WALES’ manufacturing industry has been credited with driving above average levels of growth compared to the rest of the UK last month.

It means Wales enjoyed a healthier level of business expansion in July than London and the south-east of England, which have been affected by a slowdown in the service sector.

The findings come in the latest Purchasing Managers’ Index (PMI) from Markit Economics, which shows that the Welsh private sector economy entered the second half of the year with higher output underpinned by a further expansion of new business and a slight rise in employment.

However, continued spare capacity at Welsh firms resulted in a further reduction in backlogs of work.

The latest data also point to an easing of price pressures, as both input costs and output charges rose more slowly.

At 54.8 in July, down marginally from 54.9 in June, the headline seasonally adjusted Business Activity Index – which measures the combined output of the region’s manufacturing and service sectors – signalled that the pace of expansion was fractionally lower than in June and the least marked in four months.

The manufacturing sector remained the driver of overall expansion.

Tim Moore, economist at Markit Wales, said the figures were the reverse of the trend seen earlier in the year when Wales was behind the UK average.

“It seems to be the manufacturing sector that has held up.
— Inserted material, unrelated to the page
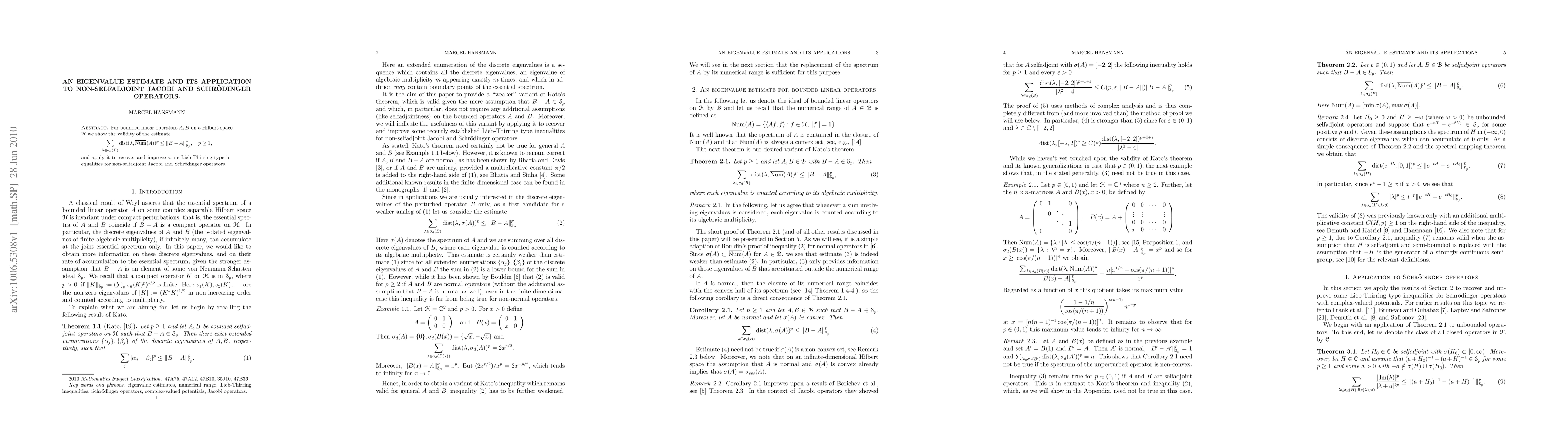 This paper establishes an eigenvalue estimate for bounded linear operators on a Hilbert space and applies it to enhance Lieb-Thirring type inequalities for non-selfadjoint Jacobi and Schrödinger operators. The key result is an inequality involving the distance between eigenvalues of operators and their operator norm difference.

There’s been a slowdown in services but not in manufacturing,” he said.

“The rest of the UK has seen more of a slowdown. London and the south-east PMI has come down much further, probably due to the sectoral make-up of the regional economy.”

Mr Moore added: “Wales has followed the UK trend over the past year with a sharp drop in 2009 and recovery under way at the beginning of this year.

“Overall in Wales growth has slowed over the last four months.”

The trend in output mirrored that for new business. Welsh companies indicated a stronger rise in new work than that recorded across the UK overall, but it was nevertheless the weakest in four months.

The survey’s panellists commented that growth of new orders reflected stronger market demand and higher activity levels at clients.

Employment in the Welsh private sector economy increased again in July, extending the current period of expansion to four months. However, the rate of growth remained only slight.

Staffing levels at manufacturers continued to rise, but service providers noted a further decline in payroll numbers.

Welsh firms reported another decline in outstanding business during July, which they generally attributed to spare capacity.

The rate of backlog depletion was sharp, despite easing since the previous month.

Input cost inflation in the Welsh private sector remained strong in July, albeit the slowest in four months.

Panellists commented that rising raw material prices were the main factor driving costs higher. Input price inflation remained steeper in manufacturing than in services.

Output charges increased at a solid rate, although the latest rise was the slowest in three months.

Higher tariffs were generally attributed by survey respondents to the pass-through of higher costs to clients.

The headline UK average was brought down by the continued contraction in business activity in Northern Ireland, which is exposed to the poor economic conditions in the Republic of Ireland.

Mr Moore said: “The real slowdown in the last month was in London and the south-east where we do seem to have seen growth come down sharply.”

The prospect of severe public spending cuts has contributed to business confidence ebbing away, he added.

This fall in confidence is not just confined to the UK, but is also present in the US and the Eurozone, Mr Moore said.

“The good thing is we’re still seeing growth at moment,” he added.